[torqueusers] parallel jobs - not so much

Gus Correa gus at ldeo.columbia.edu
Fri Nov 1 13:42:44 MDT 2013


Hi Jack

1. You need to enable job scheduling:

qmgr -c 'set server scheduling = True'


2. I am not sure I understood right, but it looks like to
me that your $TMPDIR is on a local disk on the compute nodes, right?

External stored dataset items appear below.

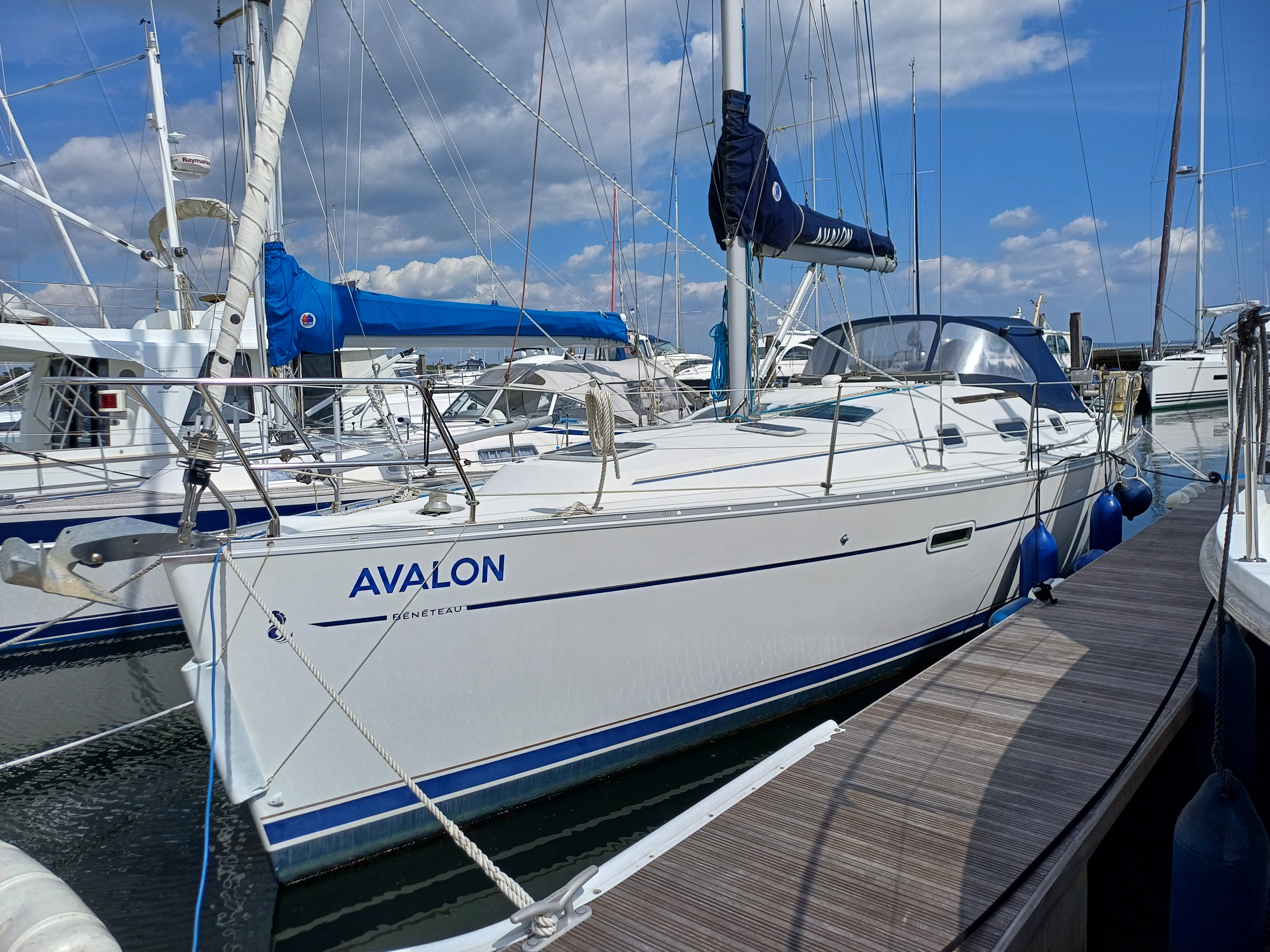 Beneteau Oceanis 343 Clipper bult in 2005 sleeps seven in a two cabin layout plus saloon. 'Avalon' comes with a Yanmar 29hp engine on a shaft drive, cherry interior with blue upholstery, heating, autopilot, Raymarine electronics, midship cleats, opening side gates and much more. A very popular cruising boat ideal for a couple, family and friends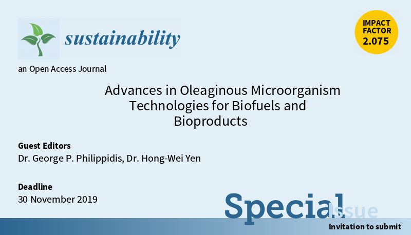 New Special Issue “Advances in Oleaginous Microorganism Technologies for #Biofuels and #Bioproducts” is open for submission. #biomass Guest Editors: Dr. George P. Philippidis from @USouthFlorida and Dr. Hong-Wei Yen from Tunghai University. Read more at: https://www.mdpi.com/journal/sustainability/special_issues/OleaginousMicroTech_BiofuelsBioproducts …pic.twitter.com/lv9il4YVBr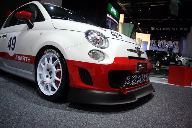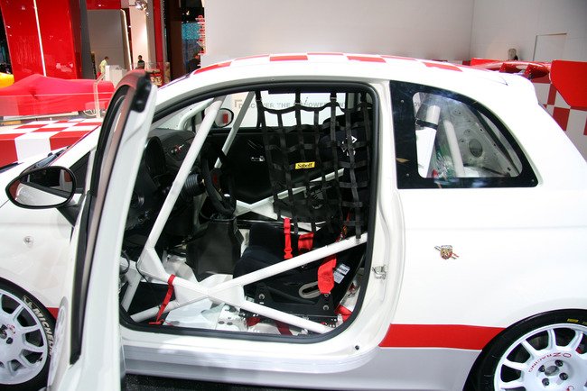 Но Abarth 695 Tributo Ferrari, как выясняется, это не самая быстрая версия Fiat 500. На стенде Abarth стояла еще одна машина, которая называлась 500 Assetto Corse. Ее 1,4-литровый двигатель выдает уже 190 «лошадей»! А еще 500 Assetto Corse имеет минимальный дорожный просвет, очень жесткую подвеску, карбоновый капот, мощный спойлер, на машине отсутствуют какие-либо «навороты» (зато есть каркас безопасности), благодаря чему она получилась на 120 кг легче обычного Fiat 500. В общем, понятно, что перед нами автомобиль, предназначенный для гонок.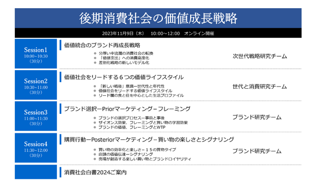 いまの時代をどう捉え、市場をどう読むか、どんな戦略展開が必要か、時代の半歩先を読む消費社会白書2024のエッセンスをいちはやくお届けするネクスト戦略ワークショップを11月9日に開催することになりましたのでご案内いたします。多くの方にご視聴いただくために、今年もオンラインでの開催とさせていただきました。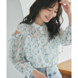 ブラウス シャツ 「WEB限定」SHIPS any:「洗濯機可能」フラワー モチーフ ペプラム ギャザー シャツ ブラウス レディース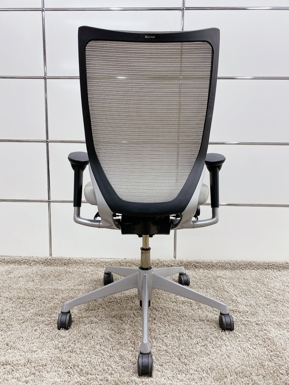 発売当時、既に人気を博していたオカムラの高級チェア、コンテッサから手元で座高調整ができるスマートオペレーション機能を取り除くなどしてリーズナブルにしたのがバロンです。その際に少しだけコンパクト化されました。そのことが、日本人の体格、日本のオフィス、家庭環境に適し、国内で多くのシェアを獲得する要因の一つになったのではないかと思います。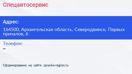 Спецавтосервис по адресу 164500, Архангельская область, Северодвинск, Первых причалов, 6 в дальнейшем Организация, размещена в следующих категориях: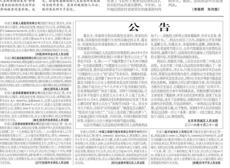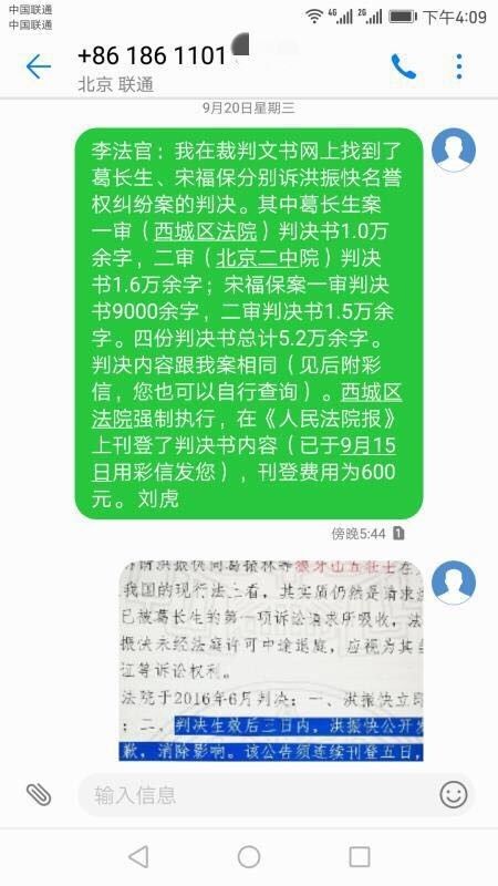 李欣法官给我主要说了三点:①洪振快案是西城区法院,本案,他们是海淀区法院,是按照生效法律文书来执行的;②洪振快案法院登的是《公告》,本案是要“刊登本判决的主要内容”,并非《公告》,所要支出的费用不可比。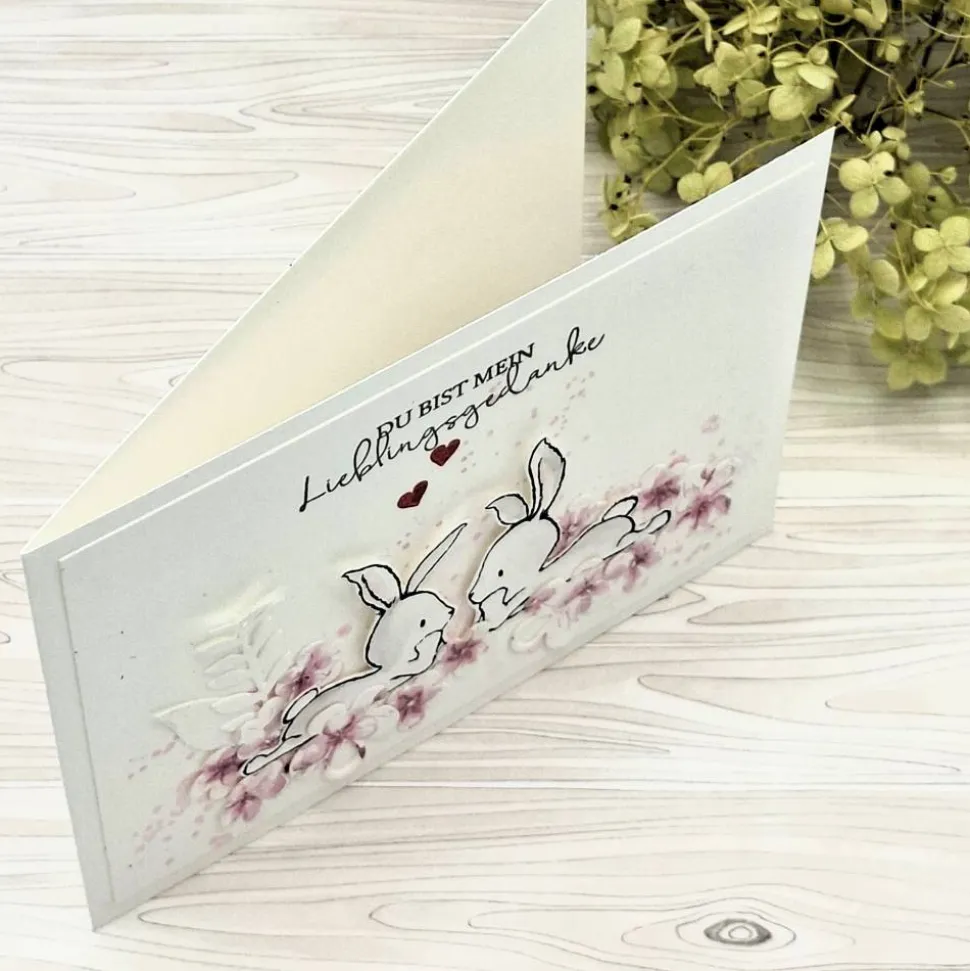 Diese handgefertigte Valentinstagskarte trägt den liebevollen Spruch „Du bist mein Lieblingsgedanke“ und ist eine wunderschöne Art, Gefühle ehrlich und persönlich auszudrücken.
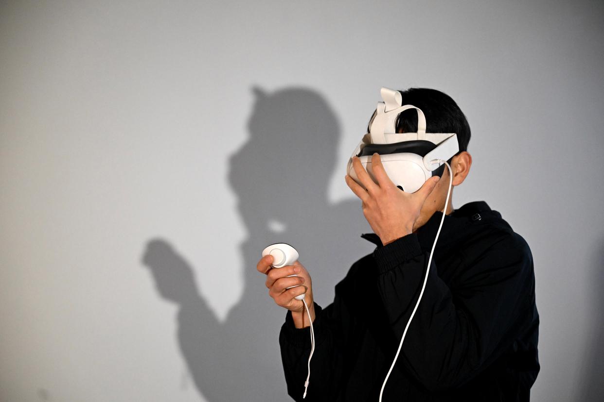 在广西柳州机器人产业园里,吴东波戴上AR眼镜与工业人形机器人进行作业练习(1月30日摄)。新华社发(黎寒池摄)
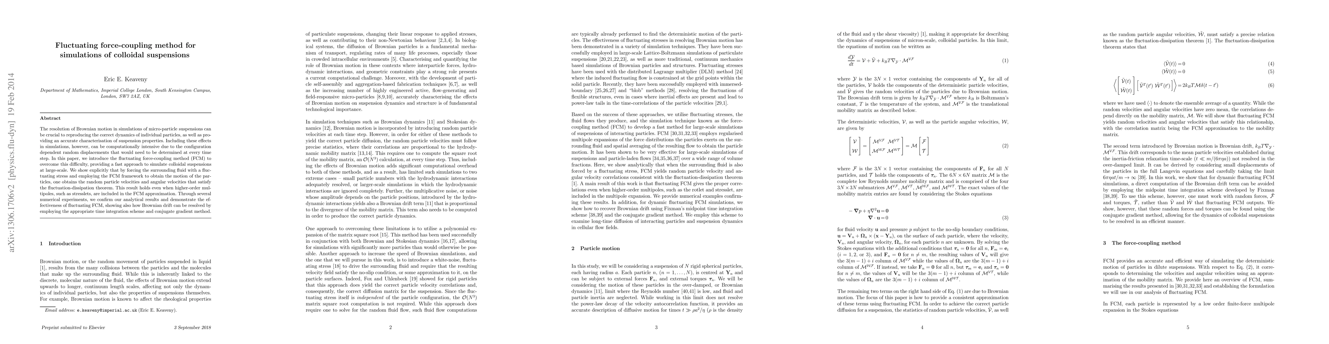 The fluctuating force-coupling method (FCM) is introduced to efficiently simulate colloidal suspensions, addressing the computational challenge of resolving Brownian motion. The FCM framework accurately captures random particle velocities and angular velocities, satisfying the fluctuation-dissipation theorem, and is validated through numerical experiments demonstrating its effectiveness in resolving Brownian drift.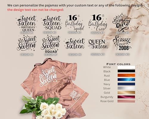 Sweet Sixteen Pajamas - Personalized Pajama Set for Women - Birthday Party Monogram Satin Pajamas Set - Birthday Gifts Sweet 16 Gift for Girls Multicolors 4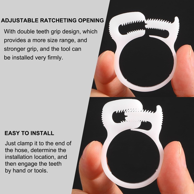 - [Easy to Install and Reusable] - The hose clamps have a double grip of teeth, so it is easy to install and replace. Just clamp it to the end of the hose, determine the installation location, and then engage the teeth by hand or tools.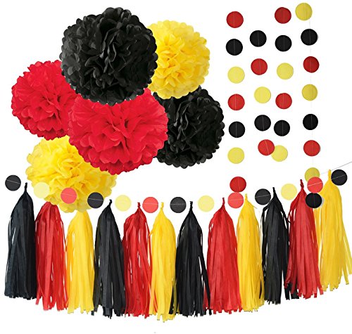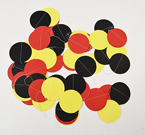 Yellow Black Red baby shower decorations/mickey 1st birthday decorations/Mickey Mouse Party decorations/Mickey Mouse Birthday/Mickey Decorations/Mickey Birthday Party Supplies/ Party tissue paper tassel garland Kit Package List: 6 pcs tissue paper flowers:2 pcs yellow(1*12inch 1*10inch) 2 pcs black(1*12inch 1*10inch) 2 pcsred Tissue Paper Pom Poms(1* 12inch 1*10inch); 1 pack of yellow black red mixed color tissue paper tassel with one white ribbon and using instruction,totally 12 sheets,each color comes with 4 pcs. 2pcs yellow black red mixed color of circle dot paper garland . Paper Garland Length: approximately 6.5 feet. Tissue Paper Craft are so much fun. They appear to float in the air, adding a cheery atmosphere to any event. Perfect for a rehearsal dinner, birthday party, bridal shower,mickey Mouse garland/Mickey Mouse decorations or casual reception. 0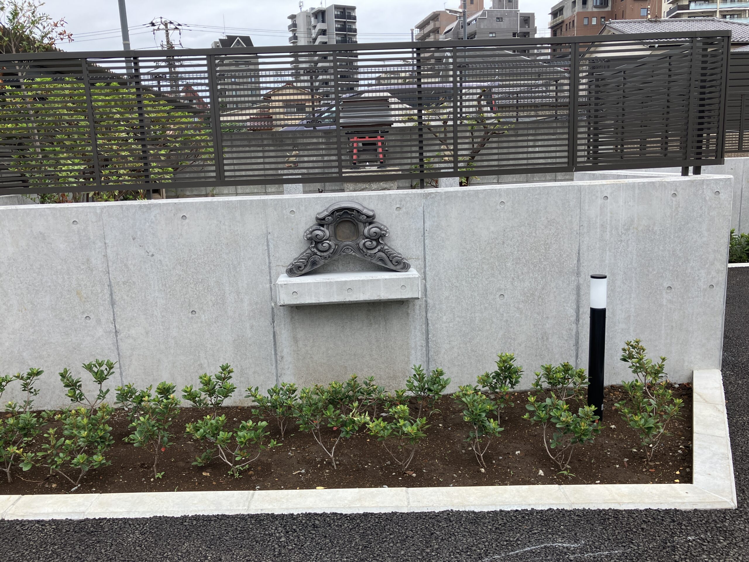 以前の家の屋根に載っていた立派な三州の鬼瓦です。外構の塀に台座をつくり飾っています。

Staging executables and data in and out to local disk
is possible (but may be painful).
If you want to do this for parallel jobs, you need to copy
the executable and data to *all* $TMPDIR disks on each node 
participating in that particular job.
This is probably why your 2-node job fails.
And this is also why staging in is painful (copying to all nodes).


3. Instead of item 2. above, it is much easier to have a NFS shared
directory (or directories) across the whole cluster where
the data and executables live.  In this case you don't need to
copy anything to local disks.
It is enough to add to the job script a like like this:

cd $PBS_O_WORKDIR

which will cd to the directory from which the job was launched with qsub
(and is presumably the work directory where the executable and data are).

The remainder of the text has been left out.